Leave out the pictures and repeat the data exactly.
*** Opening Dataset extract ***
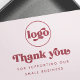 Rubber stamp featuring your custom logo and the text "Thank you" in a bold, retro style font, and customisable text below "for supporting our small business".
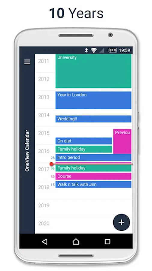 A timeline is the clearest and most natural way of showing events in time. We've seen it in ancient history books as well as on Facebook and it's a great way to get a good overview. Most calendars use month views, week views and day views, which show time as a grids and pages and not as a timeline. The agenda view, on the other hand, is a timeline. All of the days and their events line up one after the other. The agenda view may be a timeline, but it isn't proportional since some days might be missing and some days might be much bigger than others. OneView calendar is a proportional timeline in the sense that every day is there and every day is the same size and a week seven times bigger than a day and so on. This is important because it helps you get a proper feel for the things you have planned ahead and how much space there is between each planned event. To make things even better OneView Calendar is an infinetly zoomable and proportional timeline. Enabling you to quickly look at 2 weeks, 3 months, the summer holiday or even years at once.
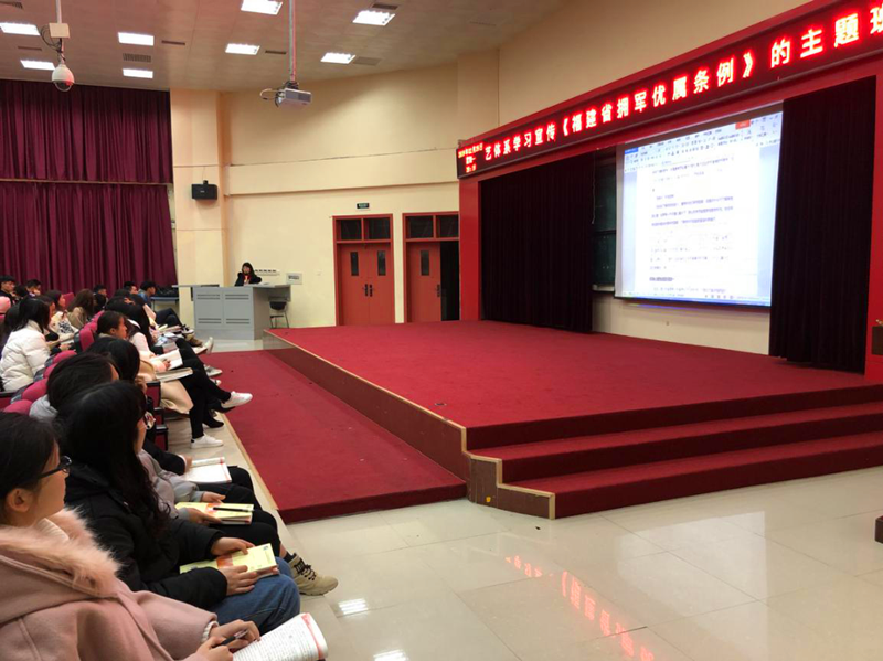 新闻中心讯(黄玲玲供稿 党政办编辑)为积极响应福建省教育厅相关号召,近日我院学生处、各系(部)辅导员通过多种形式组织全院学生学习宣贯《福建省拥军优属条例》。
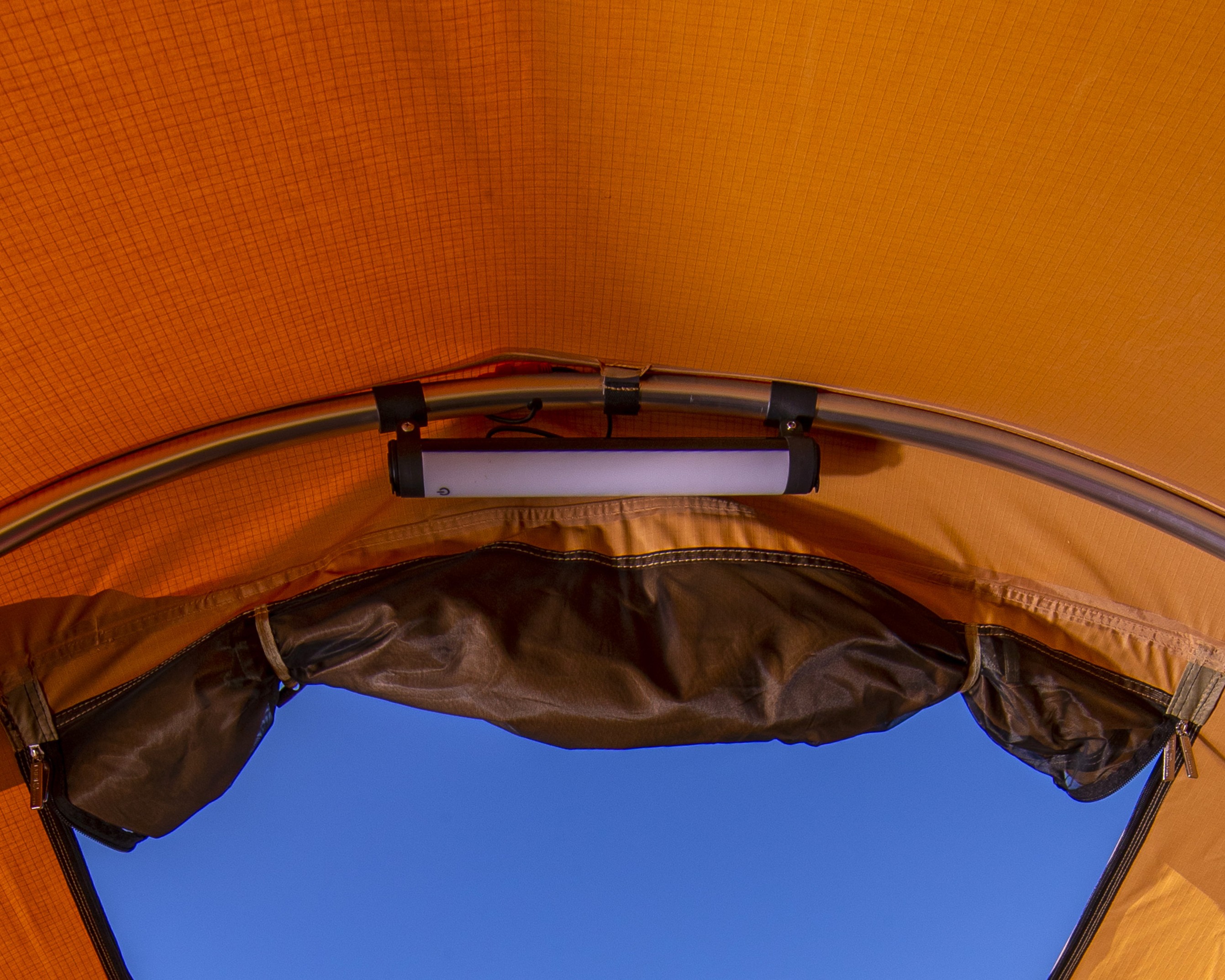 Every detail is considered for your touring comfort. The tent features five zippered windows with midge-proof mesh for optimal ventilation and insect protection, alongside a stargazing skylight for immersive nights. An integrated 12V light with USB charging ports keeps your devices powered and your interior illuminated, delivering a new level of convenience for your remote travels.
*** Closing Dataset extract ***
* **Solution to this exercise**:
 Rubber stamp featuring your custom logo and the text "Thank you" in a bold, retro style font, and customisable text below "for supporting our small business".
 A timeline is the clearest and most natural way of showing events in time. We've seen it in ancient history books as well as on Facebook and it's a great way to get a good overview. Most calendars use month views, week views and day views, which show time as a grids and pages and not as a timeline. The agenda view, on the other hand, is a timeline. All of the days and their events line up one after the other. The agenda view may be a timeline, but it isn't proportional since some days might be missing and some days might be much bigger than others. OneView calendar is a proportional timeline in the sense that every day is there and every day is the same size and a week seven times bigger than a day and so on. This is important because it helps you get a proper feel for the things you have planned ahead and how much space there is between each planned event. To make things even better OneView Calendar is an infinetly zoomable and proportional timeline. Enabling you to quickly look at 2 weeks, 3 months, the summer holiday or even years at once.
 新闻中心讯(黄玲玲供稿 党政办编辑)为积极响应福建省教育厅相关号召,近日我院学生处、各系(部)辅导员通过多种形式组织全院学生学习宣贯《福建省拥军优属条例》。
 Every detail is considered for your touring comfort. The tent features five zippered windows with midge-proof mesh for optimal ventilation and insect protection, alongside a stargazing skylight for immersive nights. An integrated 12V light with USB charging ports keeps your devices powered and your interior illuminated, delivering a new level of convenience for your remote travels.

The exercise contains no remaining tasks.